DIRECTIONS FOR THIS TASK: Extract each line of the material that follows exactly and omit its pictures.

ENTRIES SUPPLIED:

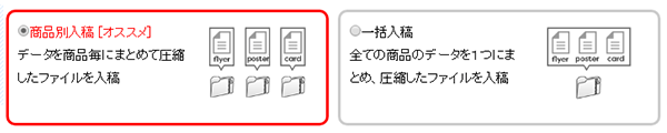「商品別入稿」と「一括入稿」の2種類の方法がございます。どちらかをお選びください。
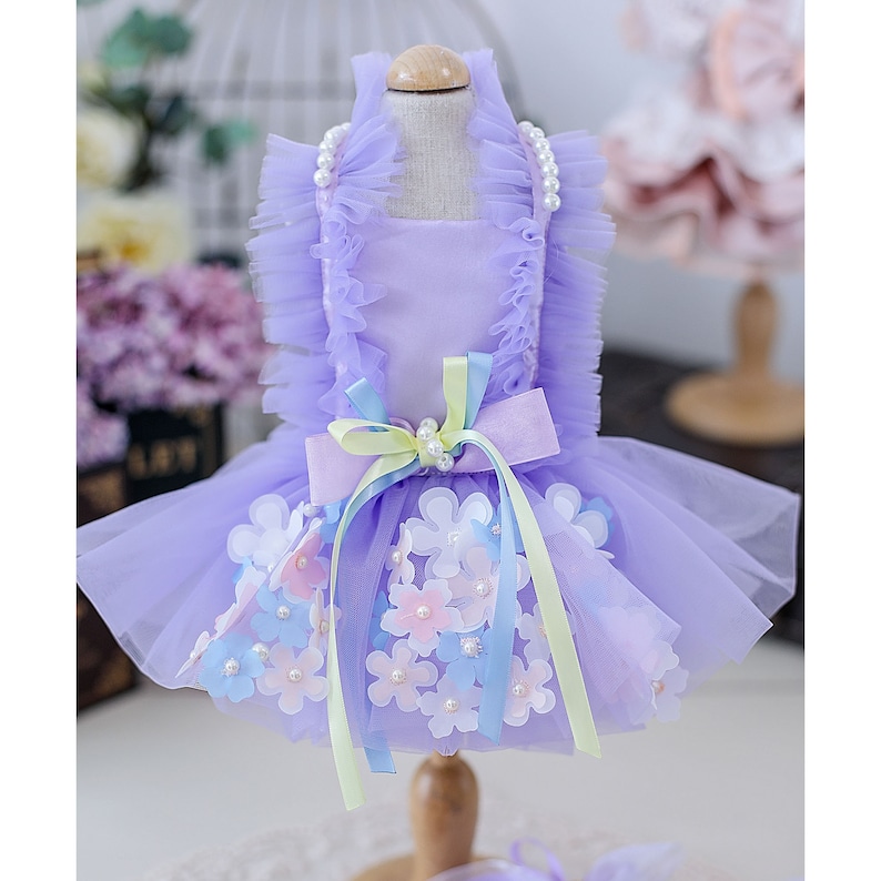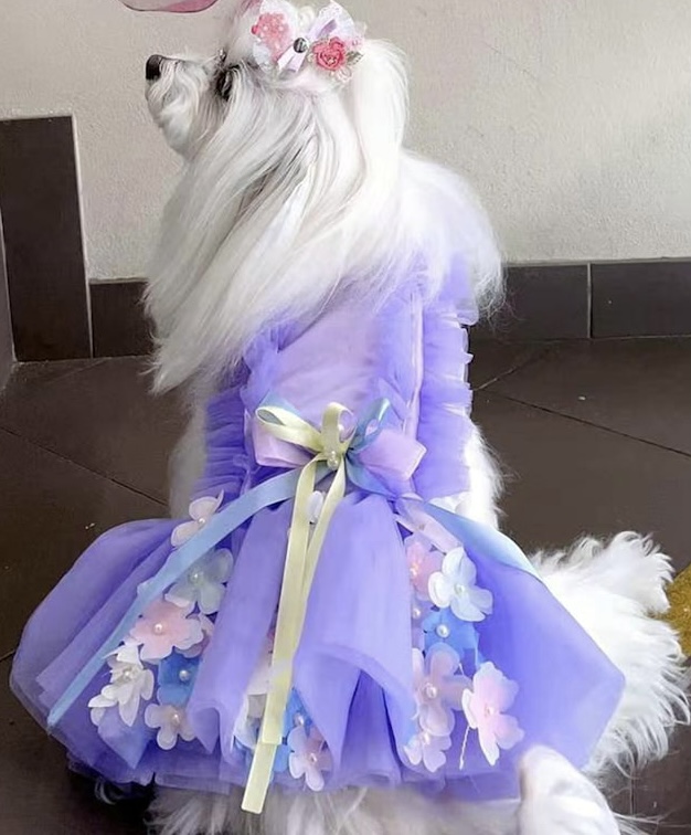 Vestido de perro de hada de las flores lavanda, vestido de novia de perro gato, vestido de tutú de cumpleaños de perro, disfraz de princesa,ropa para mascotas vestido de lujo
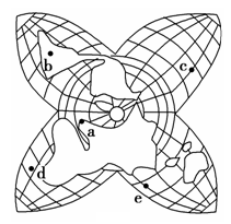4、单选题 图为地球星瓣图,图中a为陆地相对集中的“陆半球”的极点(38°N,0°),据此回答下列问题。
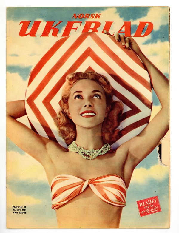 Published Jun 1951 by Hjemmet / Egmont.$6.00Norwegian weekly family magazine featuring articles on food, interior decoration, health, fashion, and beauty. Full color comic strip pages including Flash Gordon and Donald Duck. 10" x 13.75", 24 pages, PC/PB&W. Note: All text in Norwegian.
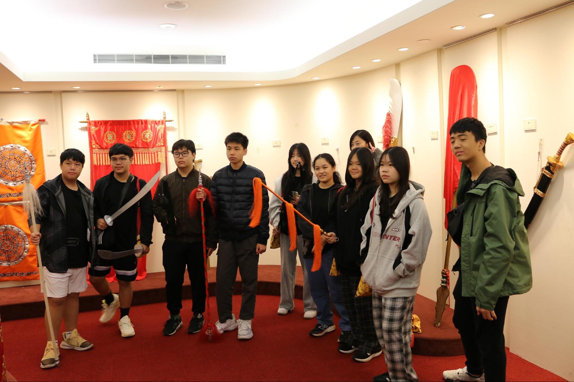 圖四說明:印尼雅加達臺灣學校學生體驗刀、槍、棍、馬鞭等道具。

OUTPUT FOR THIS EXERCISE:
「商品別入稿」と「一括入稿」の2種類の方法がございます。どちらかをお選びください。
 Vestido de perro de hada de las flores lavanda, vestido de novia de perro gato, vestido de tutú de cumpleaños de perro, disfraz de princesa,ropa para mascotas vestido de lujo
4、单选题 图为地球星瓣图,图中a为陆地相对集中的“陆半球”的极点(38°N,0°),据此回答下列问题。
 Published Jun 1951 by Hjemmet / Egmont.$6.00Norwegian weekly family magazine featuring articles on food, interior decoration, health, fashion, and beauty. Full color comic strip pages including Flash Gordon and Donald Duck. 10" x 13.75", 24 pages, PC/PB&W. Note: All text in Norwegian.
 圖四說明:印尼雅加達臺灣學校學生體驗刀、槍、棍、馬鞭等道具。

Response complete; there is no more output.